ABC Television's anti-drug
crusade--March Against Drugs--has already been attacked in Slate as bogus propagandizing. Whatever the merits of the
campaign, which includes public-service announcements and "drug-education"
plugs in the network's dramas and sitcoms, this piece of advertising works.
Hair Dryer , the first part of this spot, uses a combination of laconism
and high production values to appeal to both parents and children. Never
Easy , the second, reverses field and feel with a talking head who, while
almost didactic in her delivery of a simple message and a not-so-subtle push
for ABC itself, is young enough, earnest enough, to strike a chord across her
audience.
Cobbling multiple cuts of
film into a snappy collage, the first 13 seconds seem to prepare you for a
hair-care pitch, not a drug advisory. But pace and contrast set up a complex
visual message before the first words are ever spoken. First the hair dryer,
then the clutter of a young girl's bathroom. The dryer blasting at a flipped
head of hair, then a mirrored glimpse of a soulful pout. A full-length view of
the girl, shot from behind in sharply faded color, then a less clearly
articulated close-up of her face. And then the eyes, lidded, strangely knowing,
lingering in the mirror.
There is a disquieting
dialogue at work here, the play of color capturing the tensions of the
chrysalis. Vibrant hues for prelapsarian innocence; bleached tones for the
budding adult. A switch to full color accompanies the first words, spoken in a
childlike voice-over: "It might not be easy to talk to kids today ...
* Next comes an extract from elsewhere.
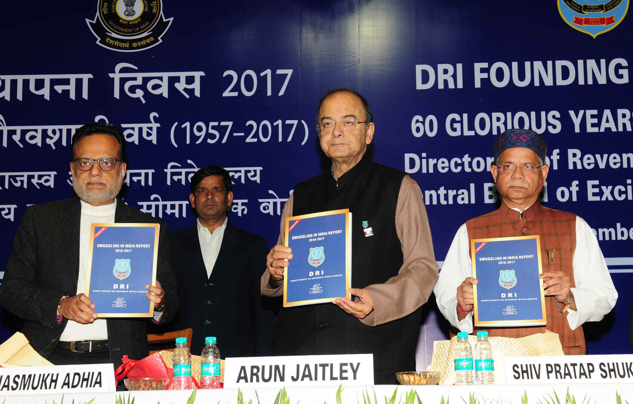 The Union Minister for Finance and Corporate Affairs, Shri Arun Jaitley releasing the publication, at the Diamond Jubilee Celebrations of the Foundation Day of Directorate of Revenue Intelligence (DRI), in New Delhi on December 04, 2017.The Minister of State for Finance, Shri Shiv Pratap Shukla and the Finance Secretary, Dr. Hasmukh Adhia are also seen.
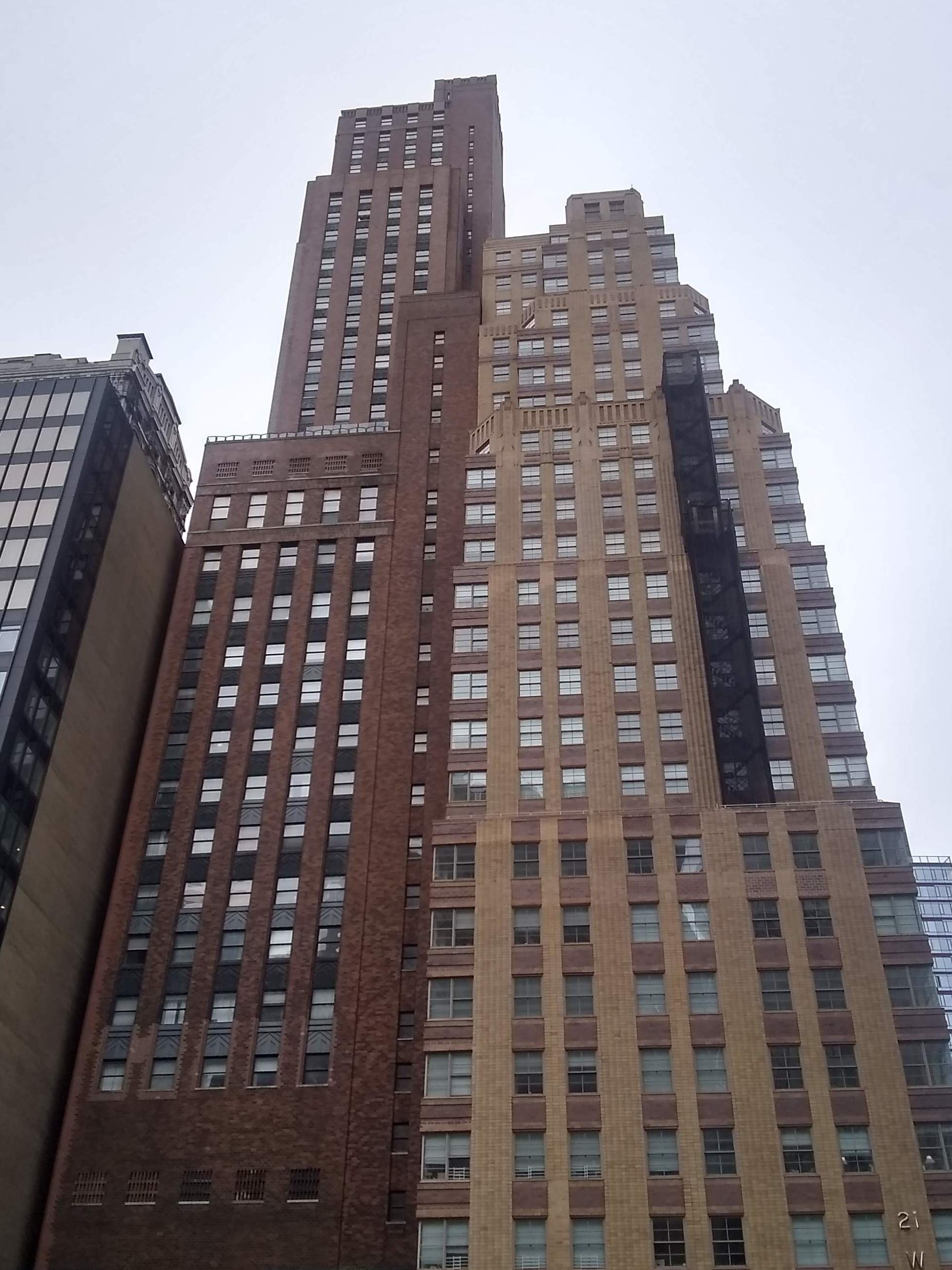 Buildings on Washington Street between Battery Place and Morris Street in Manhattan, New York City

especially about marijuana." As the words begin, the colors fade, drawing you
toward the obvious "it's hard to talk to kids today because kids are no longer
just kids" theme. But a fillip of clichés--the braces under the smile, the
self-conscious glance downward--brings the kid back for the moment. The spot
quickens--she's almost done with the dryer ... she's almost outta here.
The spot briefly reprises
the faded hues--the blond hair flashing gray, the lighting evoking a street
corner for a moment--before focusing on ringed fingers and thumb turning the
dryer off. The thumb ring, even more than the earrings that have been there all
along, taps fertile ground, its associations with rebellion and the
unwillingness to conform inevitable. From thumb rings to smoke rings wouldn't
be a long step, some would say--and the statistics show that for an increasing
number of teens, the smoke is coming from marijuana. But this one hasn't taken
that step--yet. She's standing stock-still for now, the voice that acknowledged
how difficult it was for parents to talk marijuana with kids now asking,
Camus-like: "But if you don't do it, who will?"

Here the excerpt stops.